Synthèse totale de la (-)-péridinine

 

Diverses maladies (artériosclérose, arthrite rhumatoïde, cancer) peuvent être associées à un déficit en protéines antilipopéroxydantes. Une voie de traitement envisageable de ces maladies serait de donner au patient un équivalent de ces protéines, tels certains caroténoïdes. Ces composés souffrent cependant d’un temps de vie court en raison de leur rapide dégradation. La (-)-péridinine est doté de propriétés antilipopéroxydantes tout en étant bien moins sensible à la dégradation.

 

Depuis quelques années Marin Burke et ses collaborateurs développent des couplages croisés à base de composés borés (des boronates d’acide N-méthyliminodiacetique - MIDA)  itératifs pour construire de telles architectures. Cette stratégie est basée sur la mise en réaction d’espèces bifonctionnelles dont seule une fonction réagit. Une transformation de la seconde fonction chimique permet par la suite de la faire réagir avec une nouvelle espèce bifonctionnelle et ainsi de suite…

 

En se basant sur cette idée, l’équipe menée par Burke a proposé une synthèse de la (-)-péridinine basée sur l’assemblage de quatre fragments : BB1, BB2, BB3 et BB4.

 

 

Dans un premier temps, c’est la formation de la liaison C8’-C9’ qui a mobilisé l’action des chercheurs. En effet, il est connu que la formation de cette liaison puisse être formée avec rétention ou inversion de la stéréochimie.

Une étude préliminaire a montré que l’utilisation d’un iodure allénique en combinaison avec la présence d’une fonction R  de grande taille permettait de réaliser cette réaction avec de bons rendements et une excellente rétention de la stéréochimie.

 

 

Les différents fragments ont ensuite été synthétisés.

Le fragment BB1 provient de l’hydroboration de l’alcyne de 4, suivit du remplacement du ligand pinacol par le MIDA.
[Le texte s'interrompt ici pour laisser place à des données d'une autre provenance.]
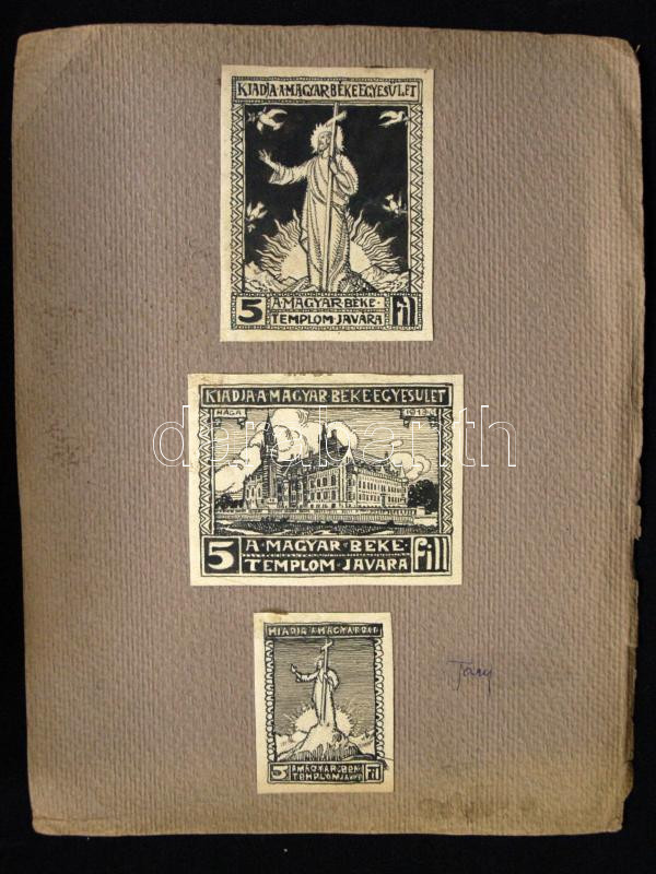 1913 Tary Lajos (1884-1972): A magyar béke templom javára segélybélyeg 3db terve

Le fragment BB2 provient de l’hydrostannylation de 6, suivi d’un couplage de Stille entre le stannane et la molécule 8.

Le fragment BB3 provient de 9 par une réaction de bromation donnant 10, couplage de Stille entre 11 et le brome de 10 suivit d’une iodation conduisant à 12, engage dans la même séquence avec 11 pour donner BB3.

 



 

Passons à l’assemblage des fragments. La molécule BB1 voit sa fonction acide boronique régénérée par un traitement basique. Elle est alors engagée dans un couplage de Suzuki avec BB2 pour donner 13. Le groupe MIDA est alors transestérifié par un groupe pinacol et l’ester pinacolboronique obtenu est engagé dans un second couplage de Suzuki avec BB3 pour donner 14. Un dernier couplage de Suzuki avec BB4 et une réaction de déprotection des alcools silylés permet de former le produit naturel 1.

 

 

Une jolie petite synthèse d’un composé biologiquement intéressant mettant en valeur le couplage croisé itératif des dérivés de type MIDA et un couplage d’halogénoallène chiral avec rétention de configuration.

 

 

Source : Woerly E.M., Cherney A.H., Burke M.D., J. Am. Chem. Soc., 2010, 132, 6941.